| Exercise details |
Include in the reply only the lines from the start of the data below through the line containing "今天我们来学习一篇PS婚片后", reproduced exactly and with no pictures.

| Input data |
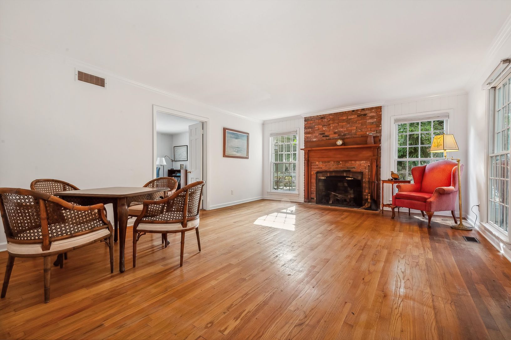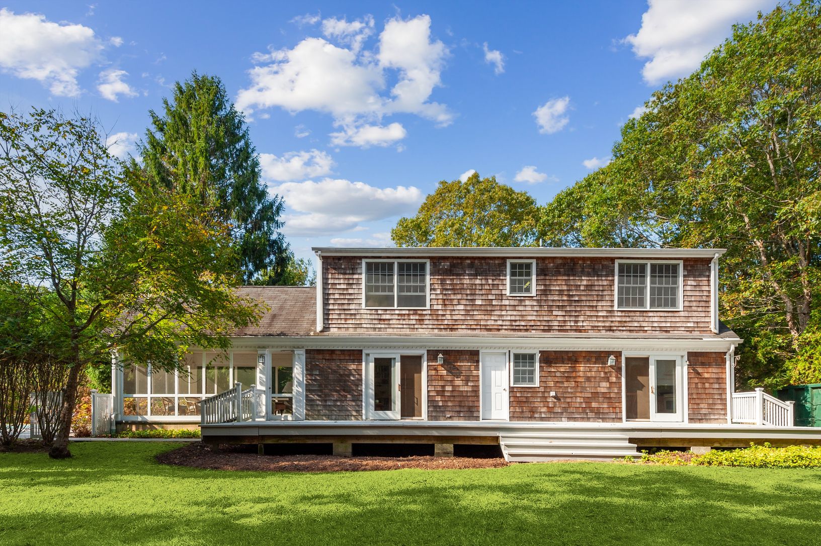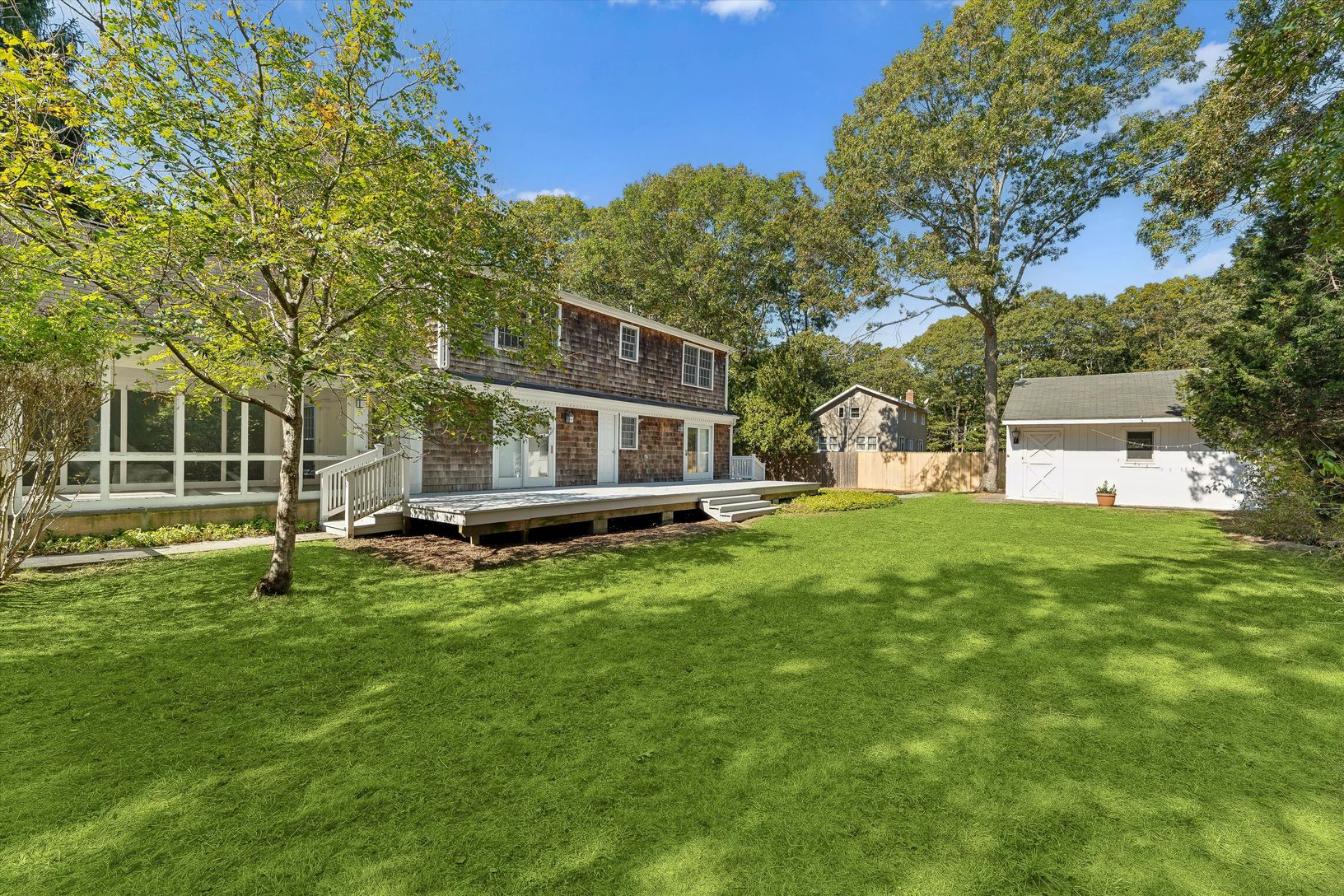 New to market: a cheerful 3 BR/3 BA shingle-style cottage located on a quiet street in the heart of desirable Quogue Village. The main floor offers plenty of living space: there's a large living room with wood-burning fireplace, a family room/den that opens to an airy screened porch, a formal dining room, eat-in kitchen, and a full bath. Upstairs is a generously-sized primary bedroom with en-suite bath and walk-in closet, two guest bedrooms, a
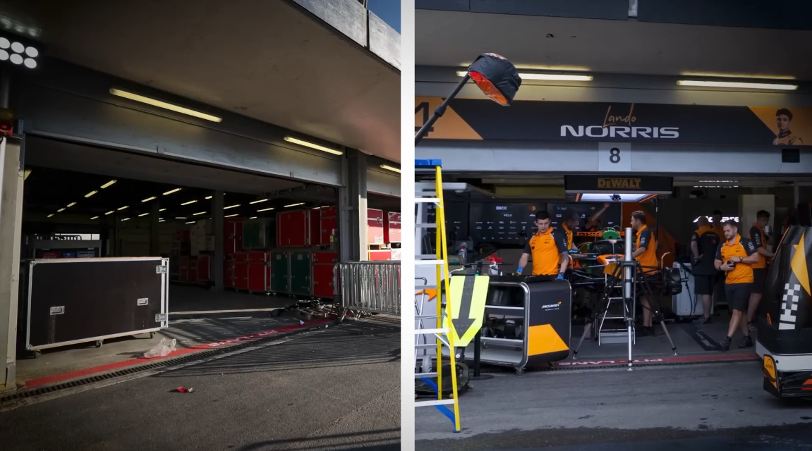 Все вывески над гаражами сняли, и только несколько из них были открыты. Например, здесь стоял болид Ландо Норриса.
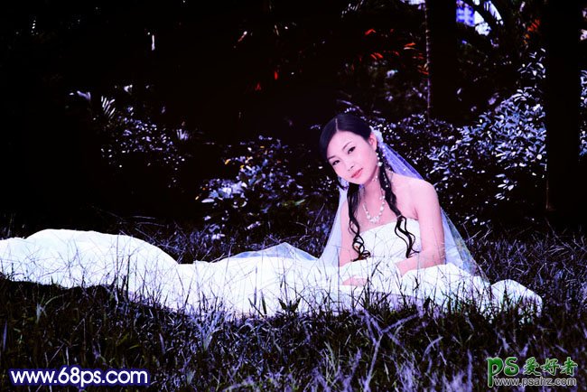 今天我们来学习一篇PS婚片后期调色教程实例,PS快速调出暗蓝色MM个性婚片效果教程,本教程介绍暗调图片调色方法。过程也比较简单,先设好主色,然后用图层叠加或调色工具把图片整体色调压暗。后期再修复一下肤色及细节等即可。
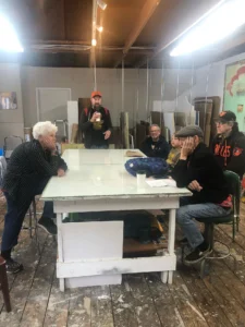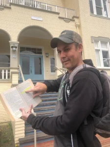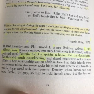 Next, we went to the Alliston house. Phil and his mother moved into the house in 1944, and Phil lived with her through high school. When we walked up, there was a man sitting outside eating an apple. He knew that Phil had lived there. He was amused by a dozen people stepping up to look at his house. I told him Phil lived downstairs. “There is no bedroom down there.” I showed him the mention of his house in Divine Invasions. He looks at the book and then at me. “Come inside, you tell me where you think he made his room.” Once I was inside (wow, totally amazing) we both agreed that he probably set up the dining room off the kitchen as his room. I tried to be respectful and not take pictures.
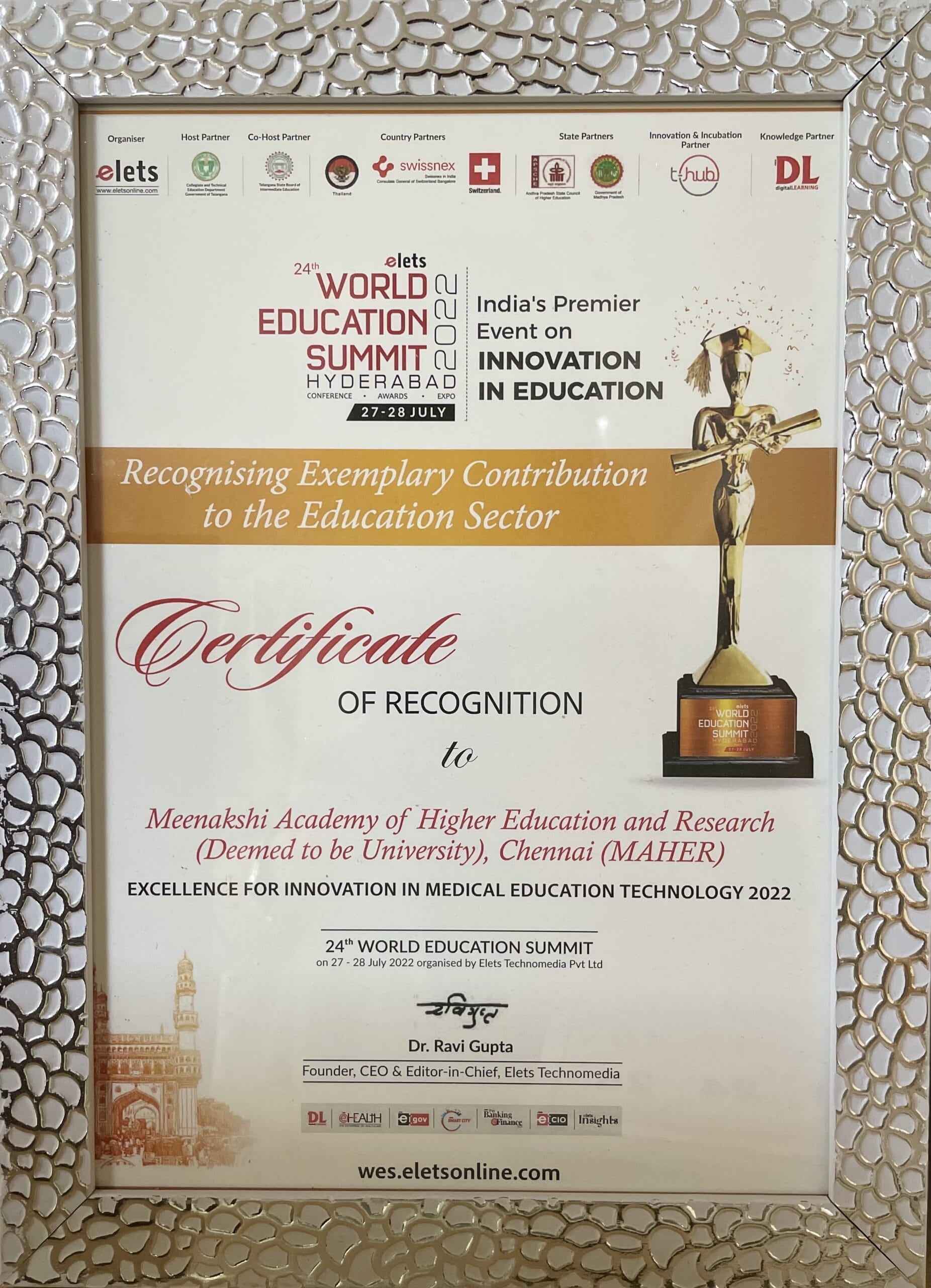 Meenakshi Academy of Higher Education and Research was also ranked as the Asia’s Greatest Brands for the year 2020-21
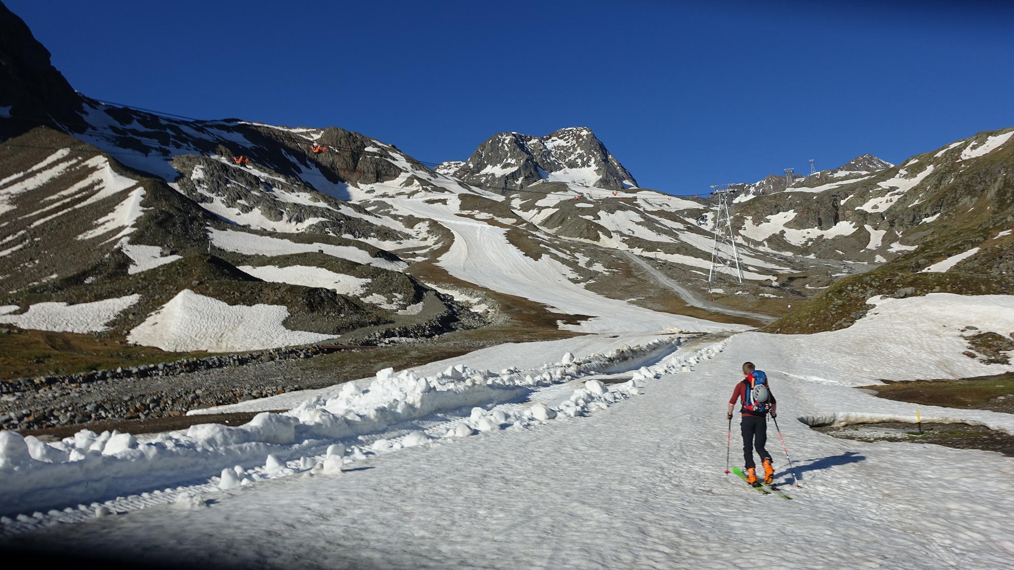 Das Stubaier Gletscherskigebiet ist geschlossen. Der Nachteil: Es ist von der Talstation eine sehr anstrengende Tour mit über 2000 Hm. der Vorteil: Man ist vermutlich alleine unterwegs.
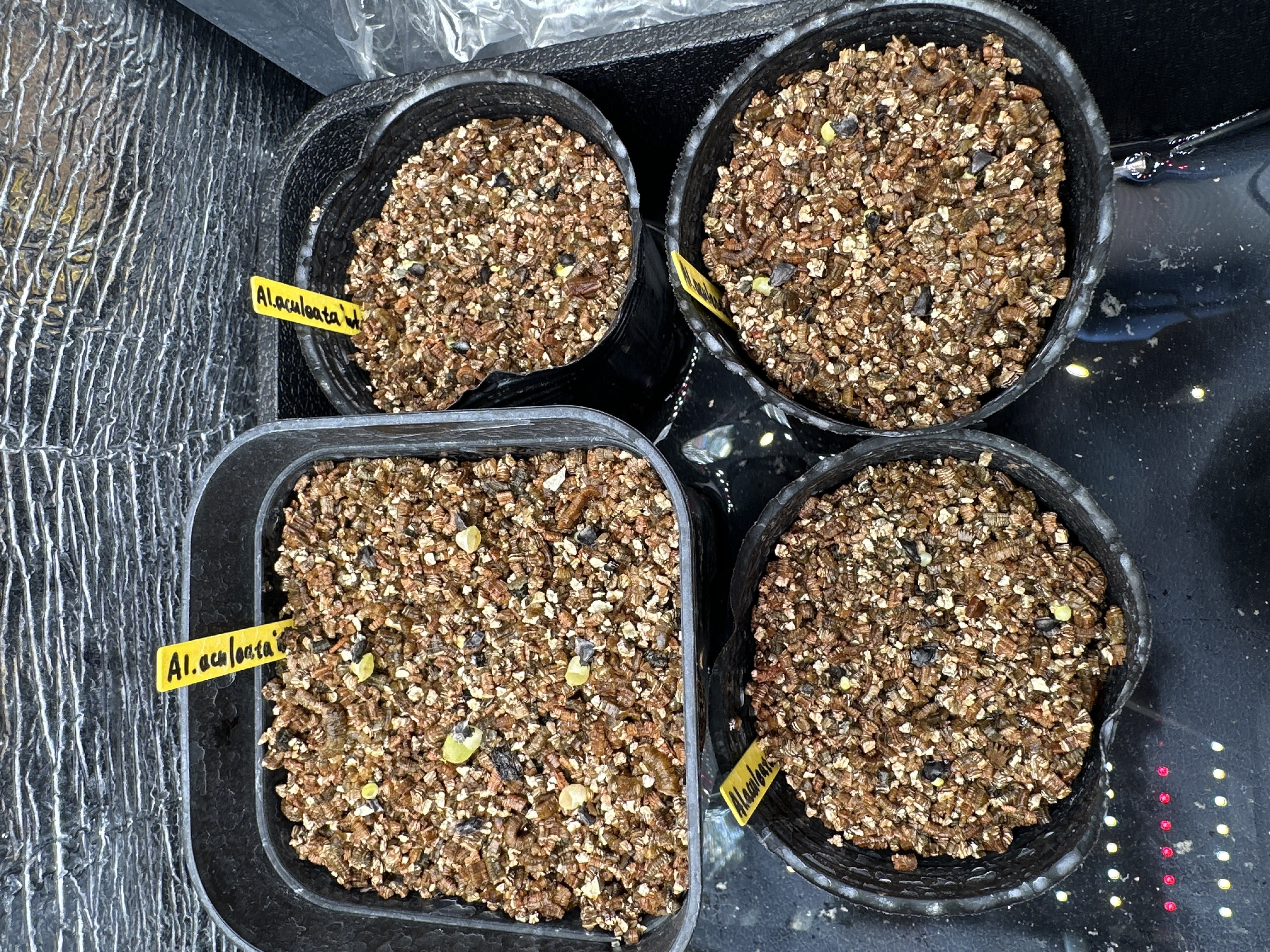 約25℃加温の物と約15℃室温の2通りに分け、加温管理のの方が先に発芽したため室温管理の物も加温に移行し、そちらも遅れて発芽。
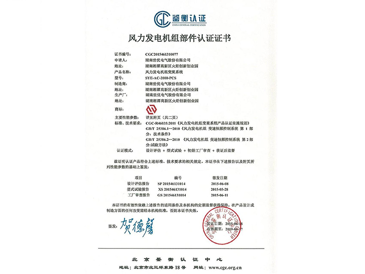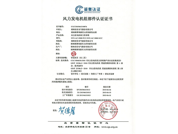 風(fēng)力發(fā)電機(jī)組主控系統(tǒng)鑒衡認(rèn)證
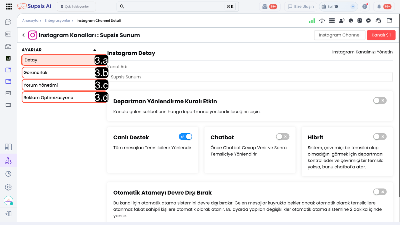 Entegre ettiğiniz Instagram kanalınızın Supsis Ai paneli içindeki çalışma özelliklerini ve ayarlarını bu alandan görüntüleyebilir ve düzenleyebilirsiniz.
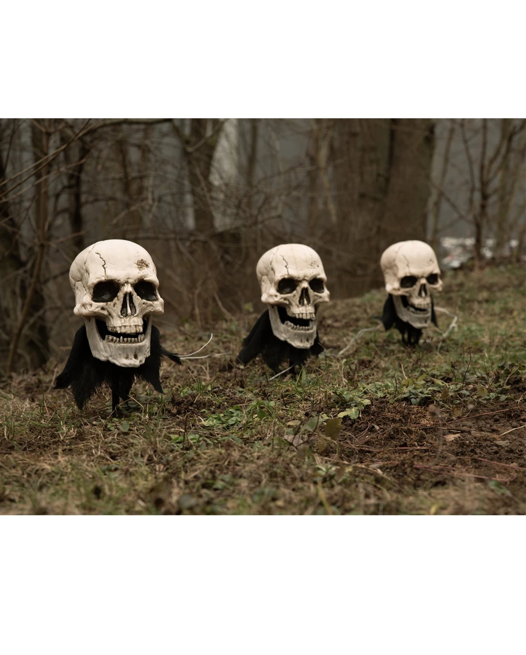 Lieferumfang: 1 x Halloween Totenschädel mit Erdspieß 3er-Set
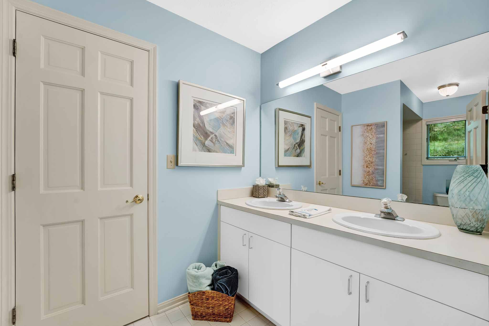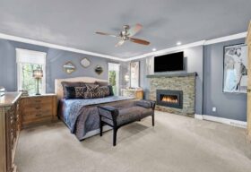 • The main level primary bedroom is a luxurious private retreat w/rear wooded views, gas fireplace w/ beautiful stones, separate walk-in closet, jet tub, separate shower, double sinks, and generous linen closet.
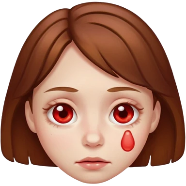 brown haired girl red rimmed eyes emoji
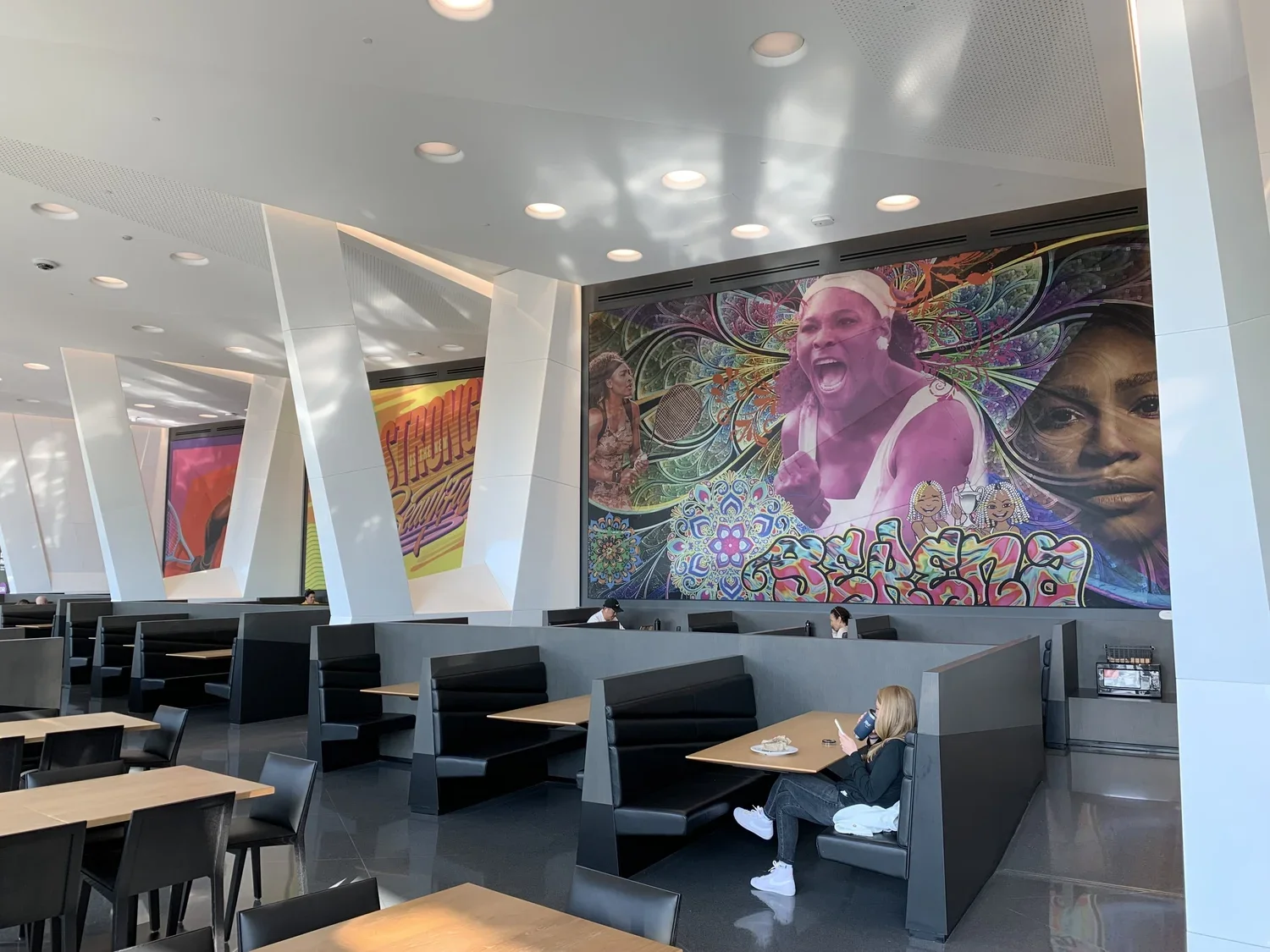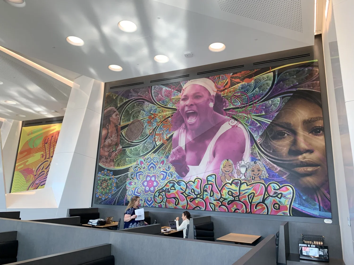 The U.S. Open Cafeteria at the Serena Williams Building features artwork from female artists such as Lady Pink, Queen Andrea, Alice Mizrachi, Sarah Rutherford, and Brittany Williams.
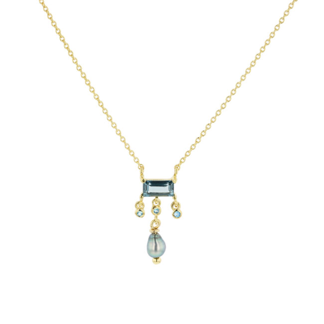 Hinerava’s Nacara Collection presents this gemmy blue topaz necklace, set in vermeil, with a lustruous keshi pearl. A modern Hinerava design to complete your look with elegance and style. Length: 40cm with a 5cm extension chain.

| Worked solution |
 New to market: a cheerful 3 BR/3 BA shingle-style cottage located on a quiet street in the heart of desirable Quogue Village. The main floor offers plenty of living space: there's a large living room with wood-burning fireplace, a family room/den that opens to an airy screened porch, a formal dining room, eat-in kitchen, and a full bath. Upstairs is a generously-sized primary bedroom with en-suite bath and walk-in closet, two guest bedrooms, a
 Все вывески над гаражами сняли, и только несколько из них были открыты. Например, здесь стоял болид Ландо Норриса.
 今天我们来学习一篇PS婚片后期调色教程实例,PS快速调出暗蓝色MM个性婚片效果教程,本教程介绍暗调图片调色方法。过程也比较简单,先设好主色,然后用图层叠加或调色工具把图片整体色调压暗。后期再修复一下肤色及细节等即可。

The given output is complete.